# Milling Short Logs



## daxinarian (Sep 8, 2008)

Do you guys have any advice on milling short logs?

I have a couple of logs that are between 30" and 45" long. The guy I talked to with a portable saw mill says he doesn't think he can cut logs shorter than 4' because of the spacing of the supports... Do you all have any advice on things we can do to cut these shorties? The biggest log (number 1) is an oval 28"x18" and I was really hoping to get some nice wide planks out of it (although 20" wide might be the max, it is apparently 2 trunks that grew together and there is a deadzone in it). These are all Hackberry logs. Also, anything special I should know about using/drying hackberry?

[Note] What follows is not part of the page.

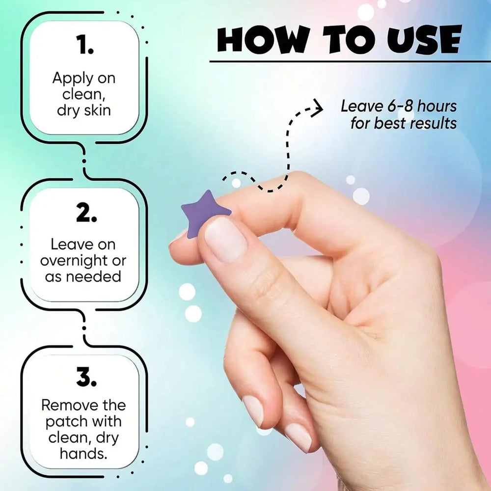 The SADOER Stars Pimple Patch is a pack of 40 colorful, star-shaped hydrocolloid patches designed to treat active blemishes discreetly while promoting faster healing. These patches help absorb excess fluid and oil from pimples, isolate the spot from external bacteria and picking, and support a calmer, clearer skin appearance.

I attached some pictures of my log pile:


----------



## woodnthings (Jan 24, 2009)

*You must see this thread!*

The title is a little confusing but the info is good, if I say so myself! :laughing: 
http://www.woodworkingtalk.com/f2/best-way-use-reclaimed-lumber-13104/#post102303
and this one if you have a bandsaw:http://www.woodworkingtalk.com/f27/resaw-sled-7552/
bill


----------



## slabmaster (Mar 30, 2008)

I cut them shorter than that often with my csm.It is the most versitle mill there is.It will cut them short or it will cut them 100 ft. long doesn't matter.That's why i have one.


----------



## dirtclod (May 7, 2008)

If you're really determined it can be done. A horizontal bandmill will beat other methods in all aspects. But you need to find out if it is worth your effort and if you can find a bandmill operator willing to take on the job. As you found out, the problem milling a log shorter than 4' is that it won't span the bunks. Even a 4' log can give you problems as most mills can't support more than one log dog (its a type of clamp that holds the log sable) and on knee (kind of backstop) per each 4' bunk. The answer lies in building a spanning jig and convincing the mill operator to use it. There's several designs that'll work and its a DYI project. Can you work a deal with the operator?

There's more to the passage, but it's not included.